The Organization of the Petroleum Exporting Countries (OPEC) pumped more oil for the third consecutive month in July, helping to bring prices down $30 from a peak above $147 a barrel to a three-month low on Friday.
Rising OPEC output has coincided with a fall in demand from top energy consumer the United States, hit by an ailing economy and soaring pump prices.
"The drop in oil price has come at the expense of supply security," Iran's OPEC Governor Muhammad Ali Khatibi told Reuters by telephone.
Consuming countries benefiting from the price fall should be aware that it could easily be reversed by any surprise supply outages, he said.
"The drop in prices works in favour of consumers," Khatibi said. "But on the other hand, any drop in market security in the form of spare capacity is highly detrimental to consumers. We need excess capacity to guarantee supply security."
OPEC, source of over a third of the world's oil, had around 1.5 million barrels per day (bpd) of spare capacity to meet any disruptions, he said.
The dispute between Iran and the West over Tehran's nuclear programme has been the main focus of supply concern in oil markets as investors fear any conflict could threaten Iran's around 2.5 million bpd of exports. Iran is the world's fourth-largest exporter.
OPEC's Secretary General Abdullah al-Badri said in July it would be impossible to replace Iran's oil output in the case of disruption due to an attack.

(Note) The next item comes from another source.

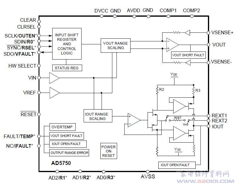 概述:AD5750采用5mm×5mmLFCSP32脚封装,采用±12V~±24V的双电源供电,能够提供四个输出电压范围(0~5V、0~10V、±5V、±10V)和五个输出电流范围(4~20mA、0~20mA、0~24mA、±20mA、±24mA),并具有20%的超额定值工作能力。

Top oil exporter Saudi Arabia is the holder of most of the world's spare capacity. The kingdom pumped at the fastest rate for 27 years in July, boosting production without making any formal agreement with other OPEC members to boost the group's supply target.
Saudi output hit 9.7 million barrels per day (bpd), while its capacity stood at 11.3 million bpd.
Saudi Arabia has a long-held policy of keeping between 1.5 million bpd and 2 million bpd as a supply cushion.
Record fuel prices sparked protests worldwide this year and led to pressure from consuming countries on producers to boost output.
Khatibi said last week that the oil market was oversupplied by around 1.3 million bpd, but that a seasonal increase in global demand during the northern hemisphere winter should absorb the extra barrels.